Required action —
Transcribe the data underneath exactly. No images belong in your version.

Exercise data —
============================================================
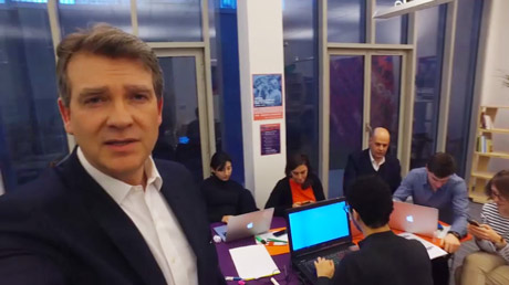 L’ambiance se veut plus moderne chez Arnaud Montebourg, que l’on retrouve dans son QG de campagne en train de se filmer lui-même dans un mouvement tournant façon Claude Lelouch sous Lexomil (pas de quoi être saisi de vertige). Si le positionnement politique du député de Saône-et-Loire paraît souvent confus, au moins réussit-il ici la synthèse de la start-up et de la perche à selfie. Montebourg évoque « ceux qui sont seuls, souffrants, malades, en difficulté » – et là on repense à Benoît Hamon.
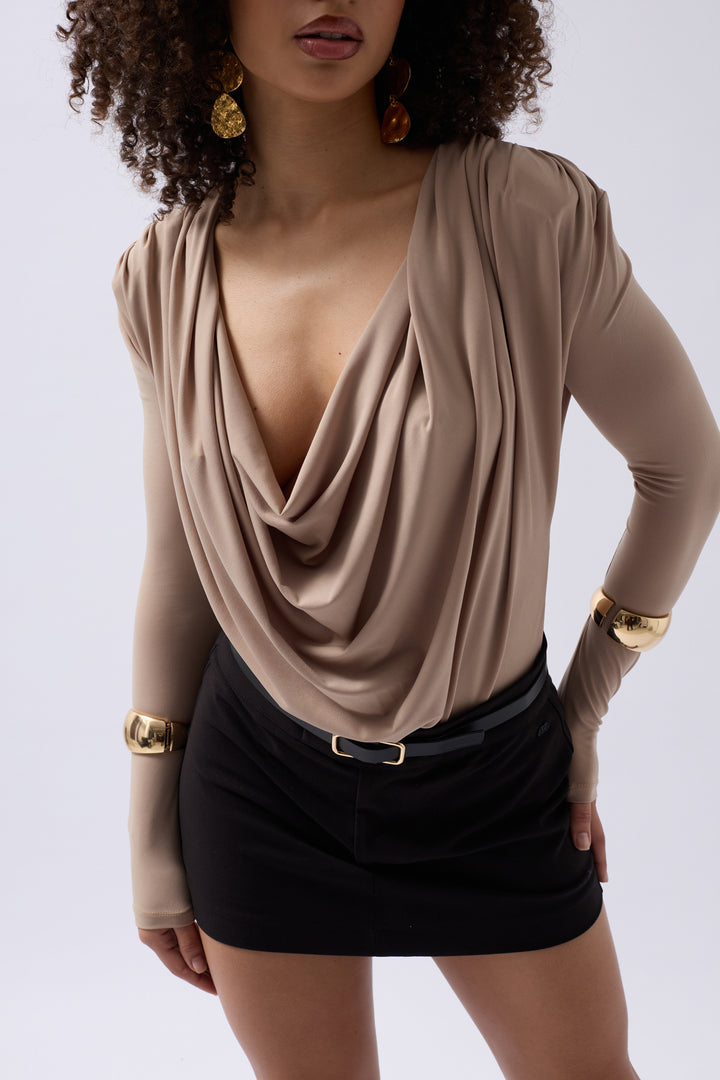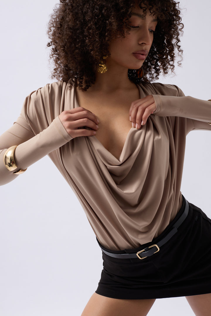 Flexible and Lycra Fabric, Snap Fastener, Front Degaje Model, Long Sleeve Blouse
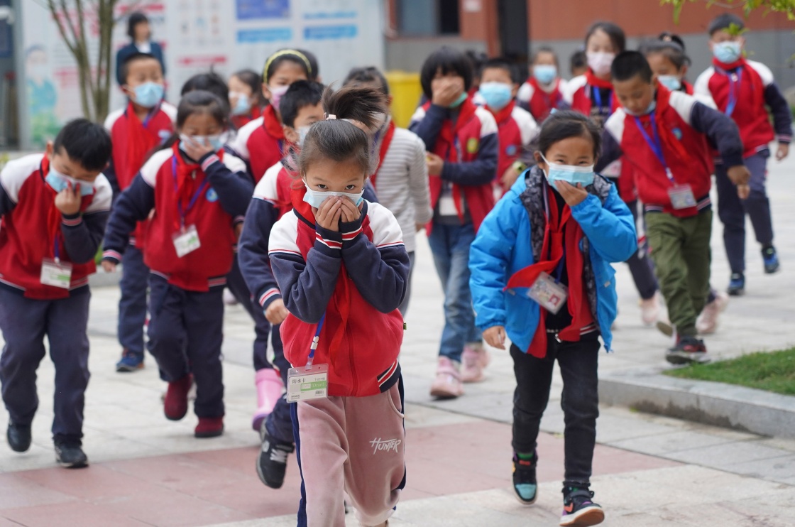 4月14日,灣里五小的學(xué)生們在老師的組織下進(jìn)行應(yīng)急避險(xiǎn)演練。新華社記者 萬象 攝
============================================================
Result below —
 L’ambiance se veut plus moderne chez Arnaud Montebourg, que l’on retrouve dans son QG de campagne en train de se filmer lui-même dans un mouvement tournant façon Claude Lelouch sous Lexomil (pas de quoi être saisi de vertige). Si le positionnement politique du député de Saône-et-Loire paraît souvent confus, au moins réussit-il ici la synthèse de la start-up et de la perche à selfie. Montebourg évoque « ceux qui sont seuls, souffrants, malades, en difficulté » – et là on repense à Benoît Hamon.
 Flexible and Lycra Fabric, Snap Fastener, Front Degaje Model, Long Sleeve Blouse
 4月14日,灣里五小的學(xué)生們在老師的組織下進(jìn)行應(yīng)急避險(xiǎn)演練。新華社記者 萬象 攝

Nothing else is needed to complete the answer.